We define universes as $\bm{\U}\,i\,j\,p = \lambda\,\gamma.\,\U'_i\,j\,p$.  With
this, $\bm{\Lift}_{j}^{k}\,p\,(\bm{\U}\,i\,j\,q) = \bm{\U}\,i\,k\,(p \circ q)$
follows by the definition of semantic $\Lift$. The Russell universe equation
$\bm{\Tm}_j\,\Gamma\,(\bm{\U}\,i\,j\,p) = \bm{\Ty}_i\,\Gamma$ follows from Lemma
\ref{lem:ucomp}, so we can define $\bm{\El}$ and $\bm{\Code}$ as identity functions.

\end{mydefinition}

\begin{theorem}[Consistency of TTGU]
There is no closed syntactic term of $\bot_i$ for any $i$.
\end{theorem}
\begin{proof}
Assuming a syntactic $t : \Tm_i\,\emptycon\,\bot_i$, we can interpret it in the
previously given model, which yields an inhabitant of the metatheoretic $\bot$,
hence a contradiction.
\end{proof}


\section{First-Class Universe Levels}
\label{sec:ttfl}

In the following, we specify and model type theories where levels and
their morphisms are represented by internal types.

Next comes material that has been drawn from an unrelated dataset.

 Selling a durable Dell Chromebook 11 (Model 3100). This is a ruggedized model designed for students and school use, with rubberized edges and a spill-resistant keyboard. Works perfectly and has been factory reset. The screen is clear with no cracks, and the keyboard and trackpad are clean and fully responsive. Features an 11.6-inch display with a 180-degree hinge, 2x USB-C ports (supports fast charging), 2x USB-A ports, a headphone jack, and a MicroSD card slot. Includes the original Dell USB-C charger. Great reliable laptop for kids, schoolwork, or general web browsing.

However, it would be awkward to pick a particular structure for levels, and
specify a type theory which internalizes that structure; for example
internalizing levels as natural numbers. We do not want to repeat the
specification and semantics for each choice of level structure; instead, we aim
to have a more generic solution.
\begin{enumerate}
  \item We first give a specification of \emph{type theory with dependent
        levels}, or TTDL, where levels and level morphisms may depend on typing contexts.
        Here, liftings, universes and type formers are specified, but the internal
        structure of levels is not yet pinned down.
  \item We show that we can extend TTDL with \emph{level reflection} rules, which identify
        levels with particular internal types, thereby getting \emph{type theories with first-class
        levels}, or TTFL.
\end{enumerate}
This decreases the amount of work that we have to do, in order to get semantics
for different level setups. We only need to pick an external level structure
such that it can be also represented using TTDL type formers.

\begin{mydefinition} A model of TTDL consists of the following.
\begin{enumerate}
\item
  A base category ($\Con$, $\Sub$) with terminal object $\emptycon$.
\item
  A ``dependent'' level structure on the base category:
  \begin{alignat*}{3}
    &\Lvl                  &&: \Con \to \Seti\\
    &\blank\!<\!\blank     &&: \{\Gamma : \Con\} \to \Lvl\,\Gamma \to \Lvl\,\Gamma \to \Seti\\
    &<\!\msf{prop}         &&: (p\,q : i < j) \to p = q\\
    &\blank\!\circ\!\blank &&: j < k \to i < j \to i < k
  \end{alignat*}
  Additionally, $\Lvl$ and $\blank\!<\!\blank$ are natural in the base category,
  so they support substitution operations. \emph{Remark:} at this point, we do not require well-foundedness
  for $\blank\!<\!\blank$, as it has no bearing on basic lifting and universe rules, and
  well-foundedness will be usually internally provable when we add level reflection rules.
\item
  A ``bootstrapping'' assumption on levels. This can be any non-empty collection
  of levels and morphisms. It will be used shortly in Section
  \ref{sec:level_reflection}, where we specify first-class levels using the syntax
  (i.e.\ the initial model) of TTDL. Without bootstrapping, the syntax is
  trivial and has no closed types. Of course, models of TTDL in general make
  sense without the bootstrapping assumption.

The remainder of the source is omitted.